Exercise instructions: Nothing but the lines from the first line of the records through the line with "Kontakt: za stiskanje, za" should be output, exactly as written and free of pictures.
** Opening Data shown block **
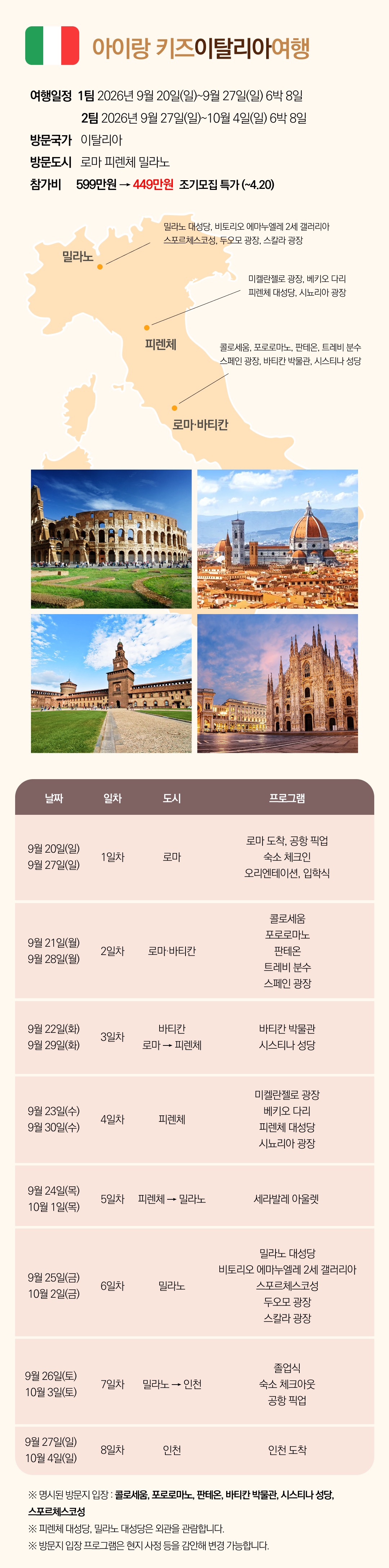[2026년 9월] 추석 아이랑 키즈유럽여행 이탈리아1팀
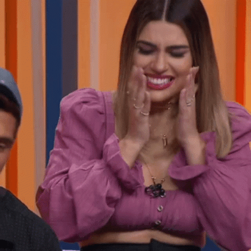 Vivian Amorim reacts with shock and surprise, covering her mouth in a purple top.
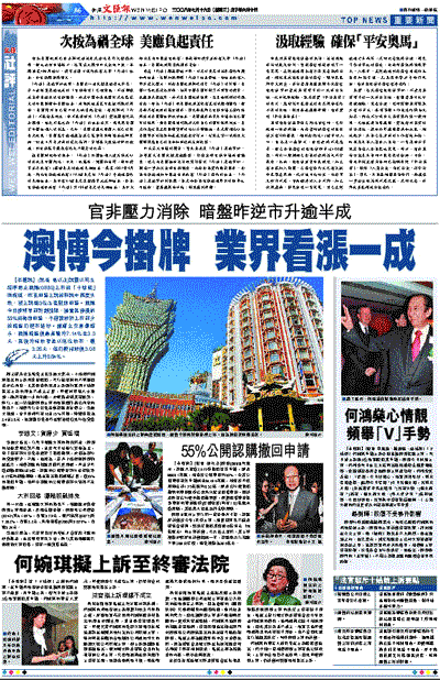 【本報訊】(記者 張以正)試圖以司法程序阻止澳博(0880)上市的「十姑娘」何婉琪,昨在申請上訴的聆訊中再度失敗,被上訴庭3位法官駁回申請。澳博今日按照早前計劃掛牌,儘管其接獲約55%的撤回申請,不過該股於上市前夕的暗盤仍逆市造好。據輝立交易場顯示,澳博暗盤價最高曾升7.14%至3.3元,其後升幅收窄並以低位收市,報3.26元,但仍較招股價3.08元上升5.84%。
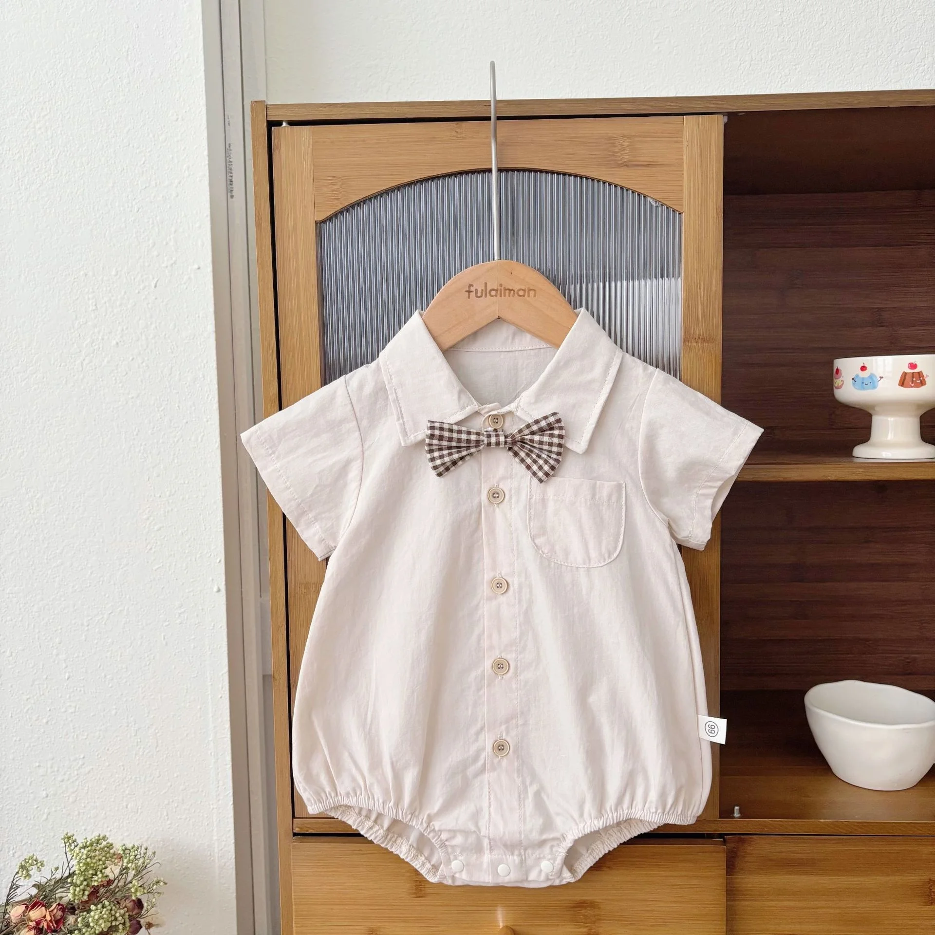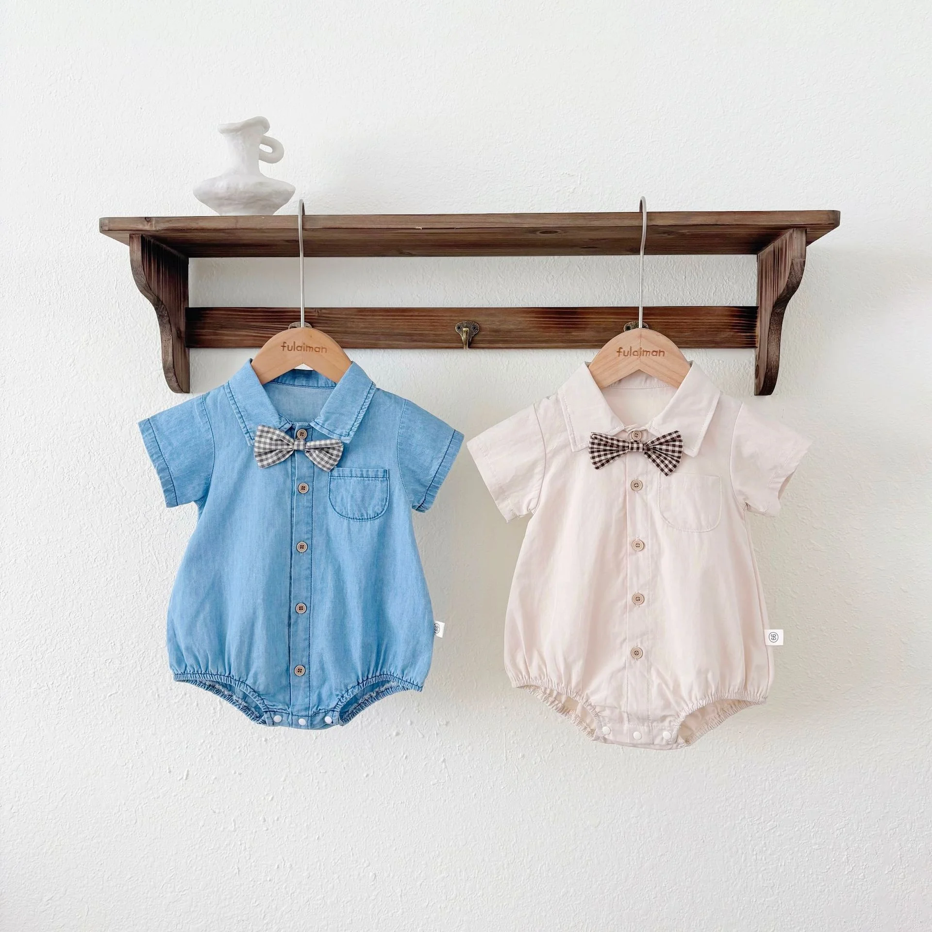 Solid Baby Romper Boys Short Sleeve Gentleman Bow Tie Shirt Summer Formal Wear Baby Rompers
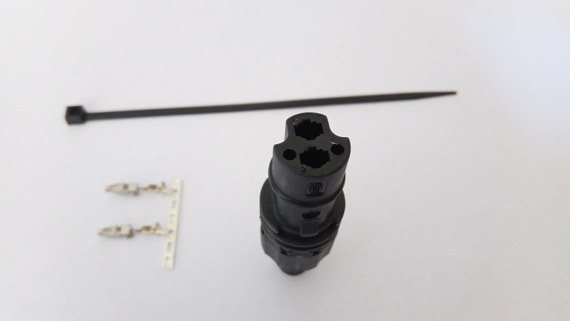 Kontakt: za stiskanje, za žice preseka 0.5....1.5mm2 Vezava: 1: masa, 2: napajanje(+). Priporočljiv kabel 2x 1mm2
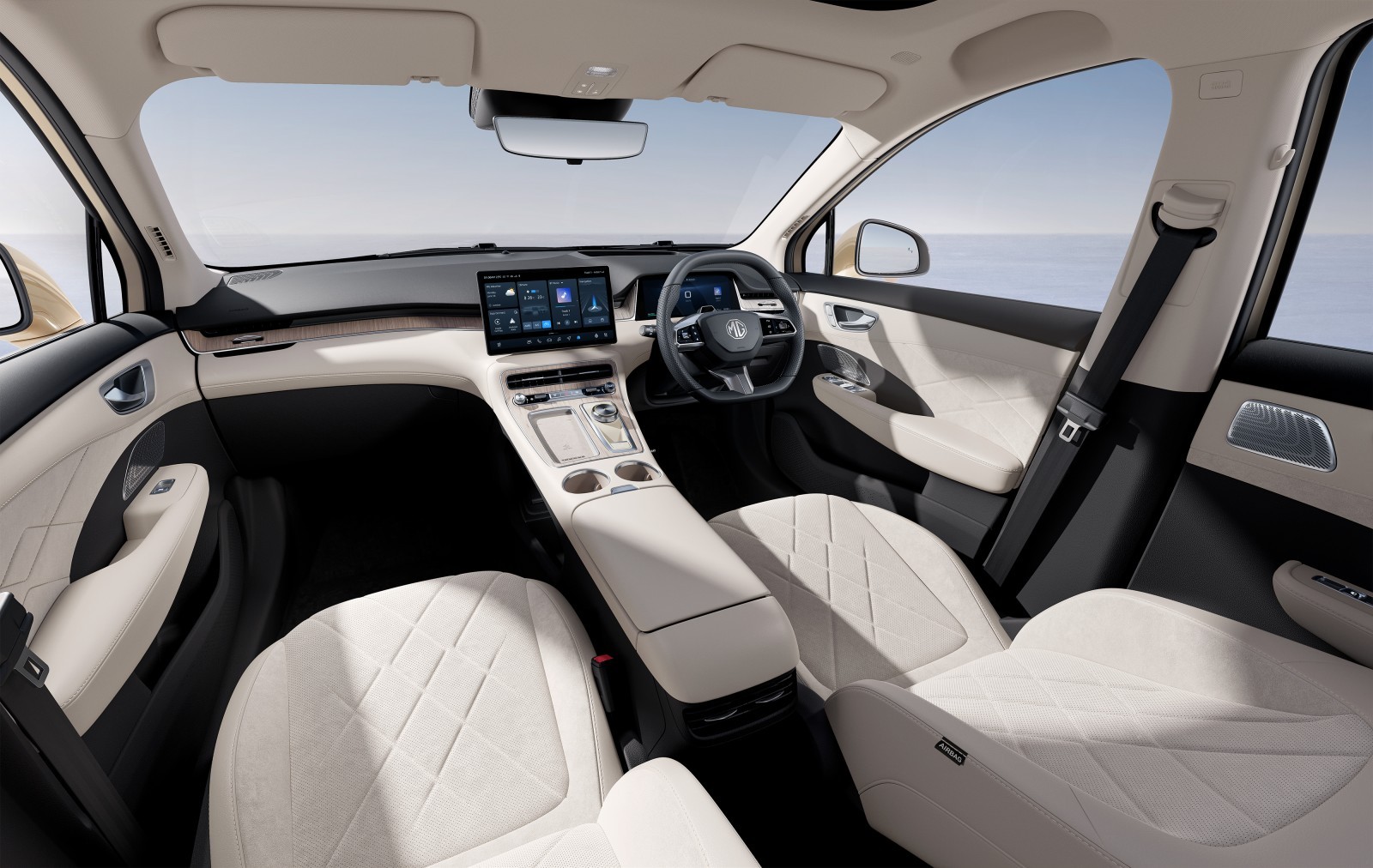 Premium Alcantara and Vegan Leather upholstery complement a bright, airy cabin enhanced by the panoramic glass roof and electric sunshade.
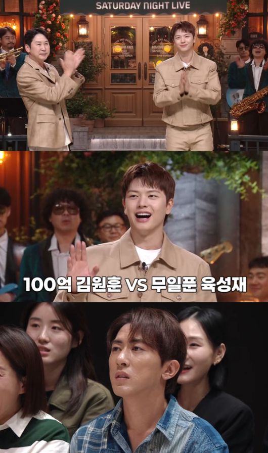 이에 신동엽은 "그럼 '1000억 김원훈 VS 무일푼 육성재' 중에서는 누구냐?"라고 물었고, 육성재는 "정말 아무것도 없이 새롭게 시작해도 즐거울 것 같다"고 말했다. 이에 김원훈은 레이저 눈빛을 쏴 폭소를 안겼다.
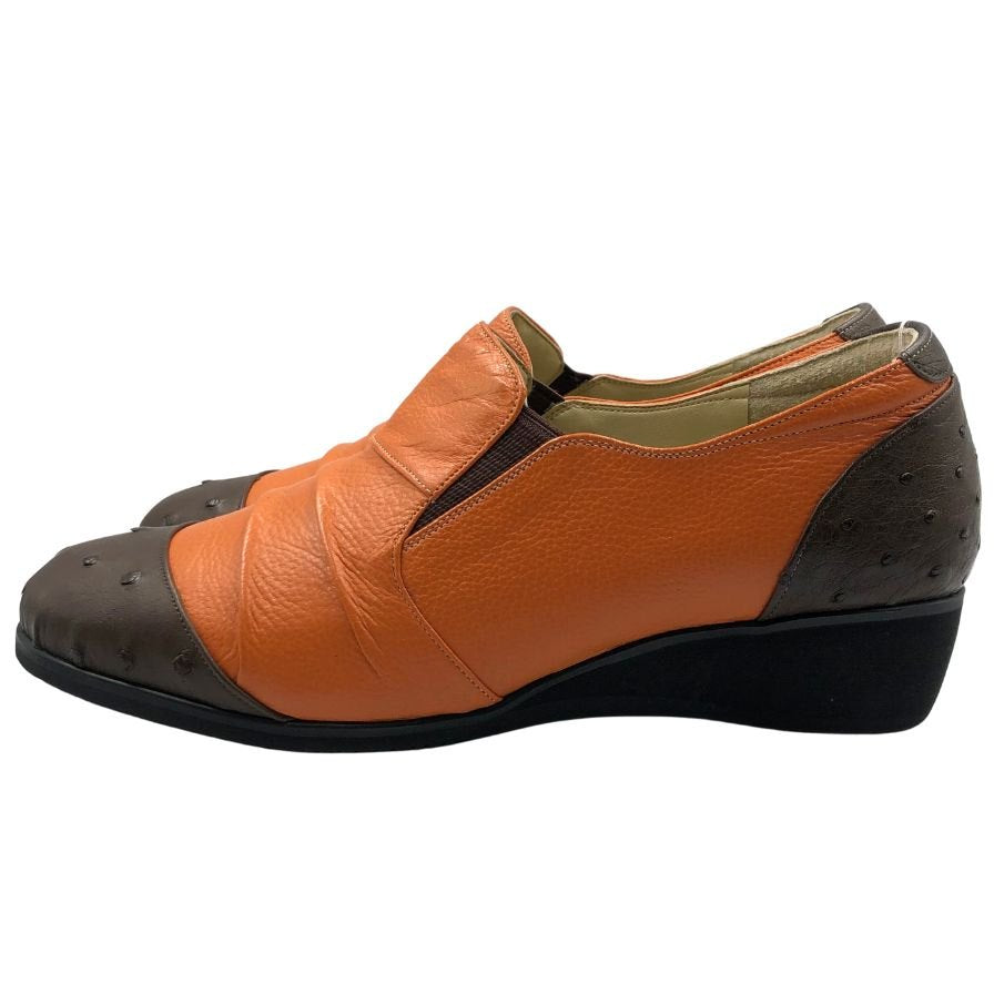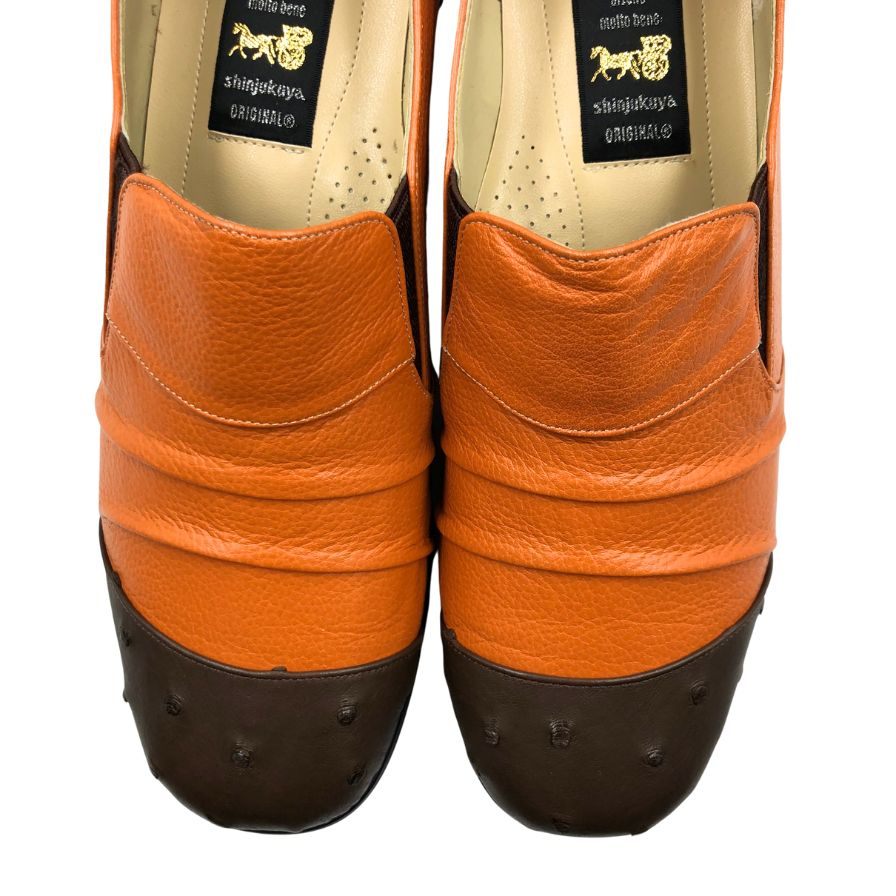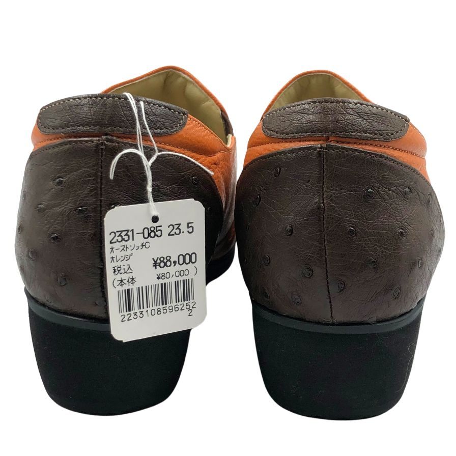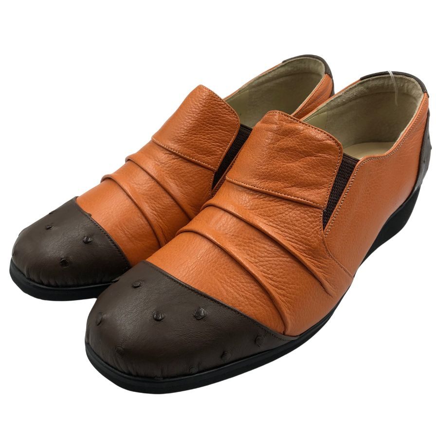新宿屋 レザースニーカー オーストリッチ 2331-085 オレンジ×ブラウン 23.5cm レディース shinjukuya 約23.5cm【7-5】
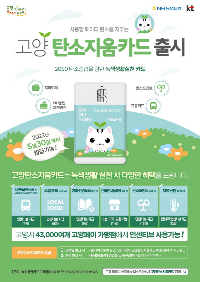 그밖에 카드 발급 및 사용처, 포인트 적립 등 자세한 사항은 고양 탄소지움카드 앱 또는 KT착한카드 콜센터에서 확인 할 수 있다.
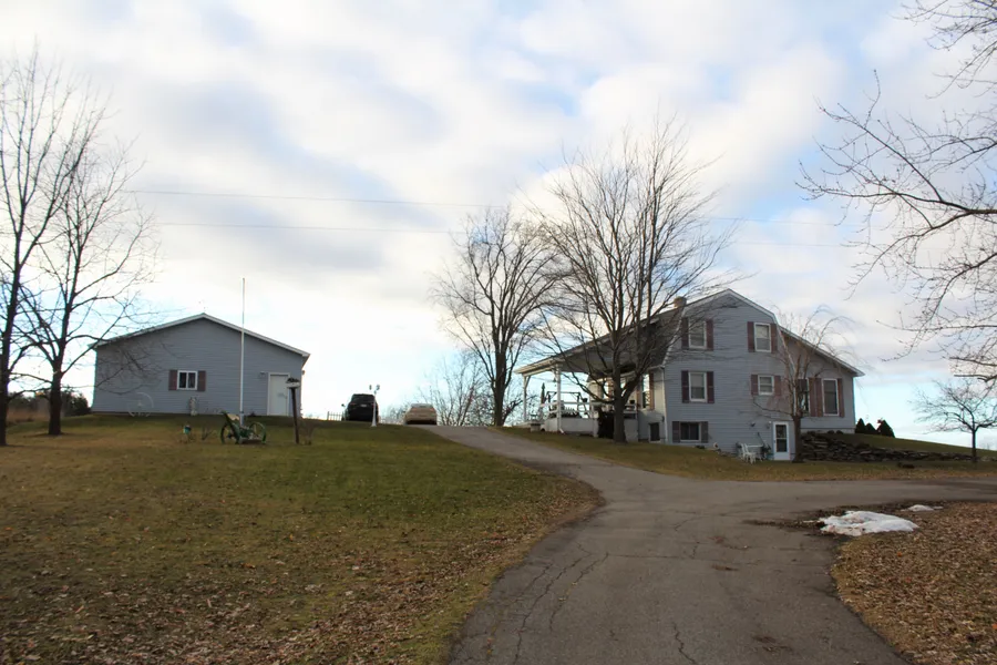 Scenic horse farm that butts up to state land offers 3 bedrooms, 2.5 baths. Master suite on first floor with full bath, large walk in closet and 36" doorways. Windows wrap around the house allowing all natural light and views of pastures and rolling hills. 32x40 Pole Barn for all your tractor equipment and car! The Red Horse Barn 32x48 with 3 stalls and a tack area. Both barns have water and electricity. Spring fed pond, enclosed pastures and fencing for horses to roam! This quaint little town has Beautiful Churches and The Octagon Museum! Home is wired for a generator.
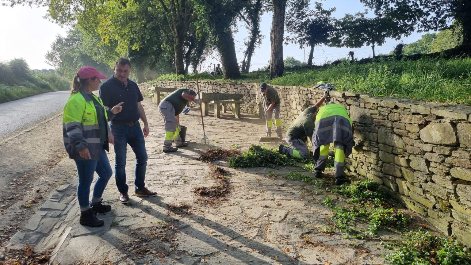 Xoves, 10 de agosto de 2023.- O alcalde de Monterroso, Eloy Pérez, achegouse ata algúns dos lugares onde realizan o seu traballo os alumnos do obradoiro dual de emprego do módulo de xardinería. En concreto, o rexedor estivo no albergue de Ligonde e no cruceiro dos Lameiros, ao seu paso polo Camiño Francés, onde os 8 alumnos e alumnas deste módulo realizan labores de limpeza e acondicionamento do itinerario Xacobeo.
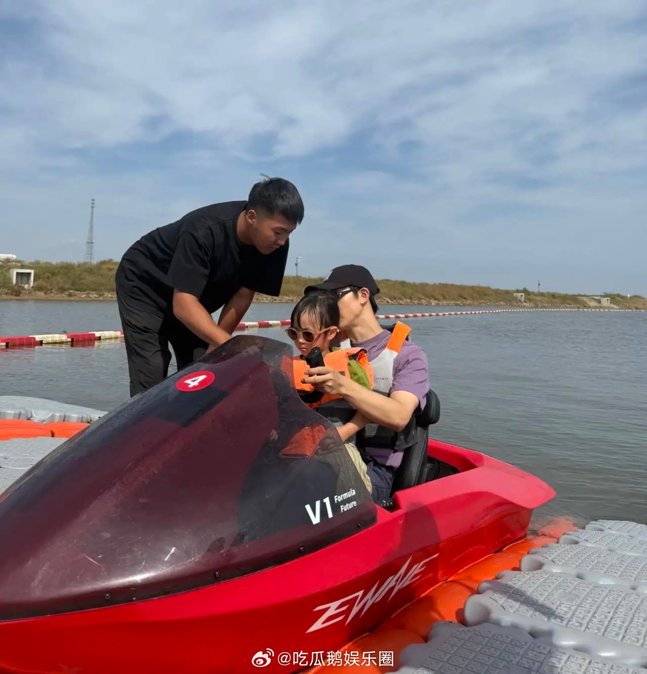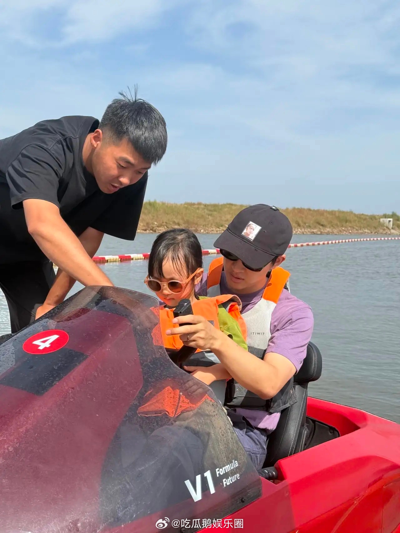 39岁尹昉和家人到秦皇岛旅游,他带4岁女儿到海边玩卡丁船,父女俩的互动好有爱,画面看起来太温馨了!
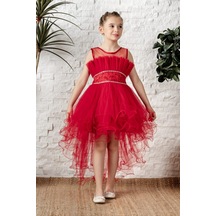 Uzun Kuyruk Tütülü Askılı Kız Filira Elbise Mnk0584 001
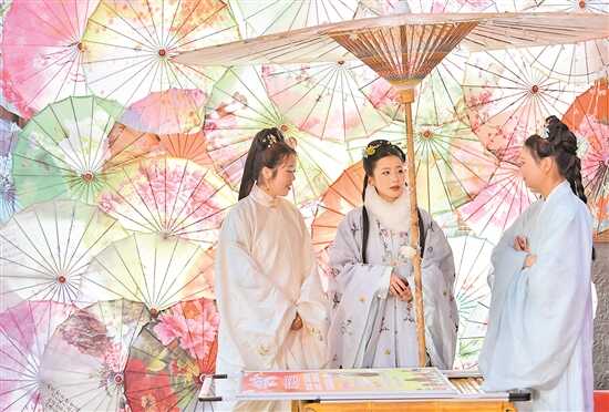 游客身着传统服饰在湖北省宣恩县城兴隆老街上游玩
** Closing Data shown block **
Output for this task:
[2026년 9월] 추석 아이랑 키즈유럽여행 이탈리아1팀
 Vivian Amorim reacts with shock and surprise, covering her mouth in a purple top.
 【本報訊】(記者 張以正)試圖以司法程序阻止澳博(0880)上市的「十姑娘」何婉琪,昨在申請上訴的聆訊中再度失敗,被上訴庭3位法官駁回申請。澳博今日按照早前計劃掛牌,儘管其接獲約55%的撤回申請,不過該股於上市前夕的暗盤仍逆市造好。據輝立交易場顯示,澳博暗盤價最高曾升7.14%至3.3元,其後升幅收窄並以低位收市,報3.26元,但仍較招股價3.08元上升5.84%。
 Solid Baby Romper Boys Short Sleeve Gentleman Bow Tie Shirt Summer Formal Wear Baby Rompers
 Kontakt: za stiskanje, za žice preseka 0.5....1.5mm2 Vezava: 1: masa, 2: napajanje(+). Priporočljiv kabel 2x 1mm2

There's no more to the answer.